GList error (GList.hh:981):Invalid list index: 27078510
when i tried to convert to GTF. it have following error
Can't locate object method "display_text" via package "Bio::Annotation::SimpleValue" at /usr/local/share/perl5/Bio/SeqFeature/Annotated.pm line 703, <GEN0> line 2.

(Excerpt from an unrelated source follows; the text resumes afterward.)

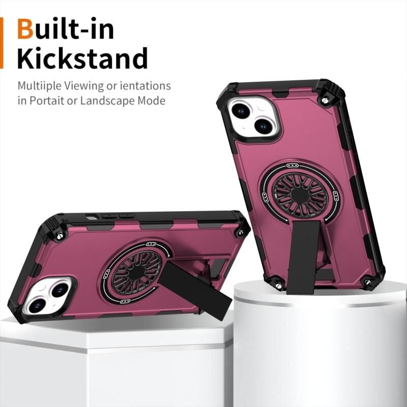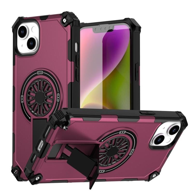 For iPhone 14 Plus Shockproof Kickstand Metallic Shaft MagSafe Phone Case(Purple)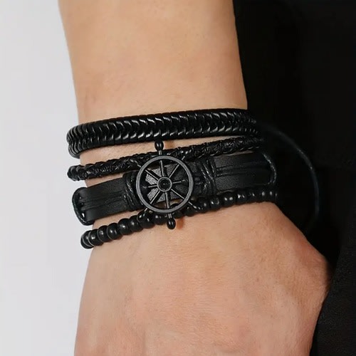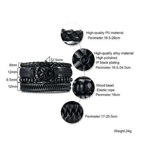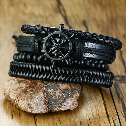 Buy Vintage Multi-layer Leather Bracelet-Brown-set Of 4pcs in Nigeria

The convert code looks like this
#! /usr/bin/perl
use lib '/local/ensembl/bioperl-live';
use warnings;
use Bio::FeatureIO;
$in = Bio::FeatureIO->new(-file => "/tmp/Simbiot_HSS/index/Scaffold10.nucleotide.gff3" , -format => 'GFF');
$out = Bio::FeatureIO->new(-file => ">/tmp/Simbiot_HSS/index/test.gtf" ,
-format => 'GTF');
while ( my $feature = $in->next_feature() ) {
$out->write_feature($feature);
}
exit(0);
Is i missing something?
@Istvan Thank you very much. tophat itself pick GFF file. I only provide the prefix path like "/tmp/Simbiot_HSS/index/Scaffold10.nucleotide" then it auto pickup gff (may be version 2 or 3). I did also try to convert that GFF3 to GTF but got error. see above.